§ WHAT THIS TASK INVOLVES: Scan the records beneath this line for the line holding "Зеленый и красный шары на новогодней елке" and the line holding "- Armario modelo", then transcribe exactly those two and all lines between.

§ AVAILABLE DATA:

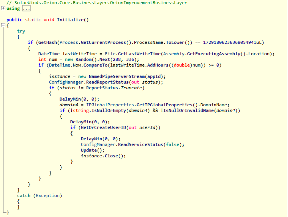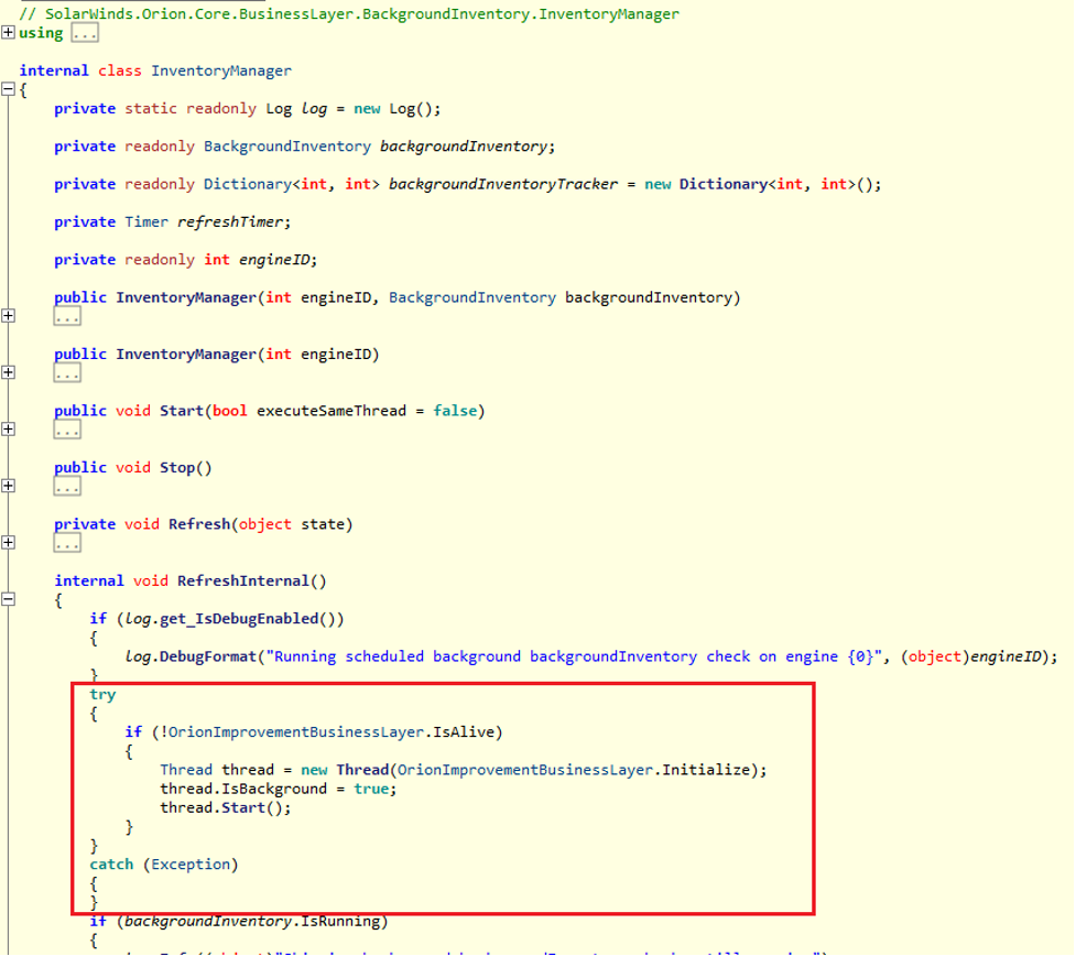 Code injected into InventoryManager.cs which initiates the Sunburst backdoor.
==
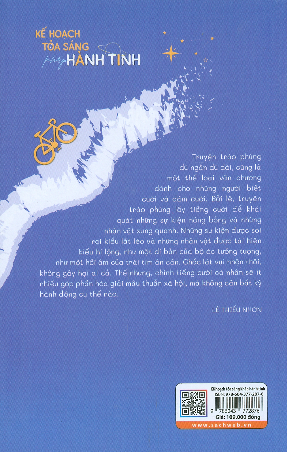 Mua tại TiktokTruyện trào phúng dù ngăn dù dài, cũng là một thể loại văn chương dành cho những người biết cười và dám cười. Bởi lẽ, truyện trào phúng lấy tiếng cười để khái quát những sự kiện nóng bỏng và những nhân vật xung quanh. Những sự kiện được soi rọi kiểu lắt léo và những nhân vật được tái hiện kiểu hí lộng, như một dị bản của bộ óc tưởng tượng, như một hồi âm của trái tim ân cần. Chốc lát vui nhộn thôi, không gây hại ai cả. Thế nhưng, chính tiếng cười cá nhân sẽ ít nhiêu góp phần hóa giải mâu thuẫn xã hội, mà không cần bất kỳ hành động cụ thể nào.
==
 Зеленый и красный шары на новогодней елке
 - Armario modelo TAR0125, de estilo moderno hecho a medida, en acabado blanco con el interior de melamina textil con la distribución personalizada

§ FINISHED TASK:
 Зеленый и красный шары на новогодней елке
 - Armario modelo TAR0125, de estilo moderno hecho a medida, en acabado blanco con el interior de melamina textil con la distribución personalizada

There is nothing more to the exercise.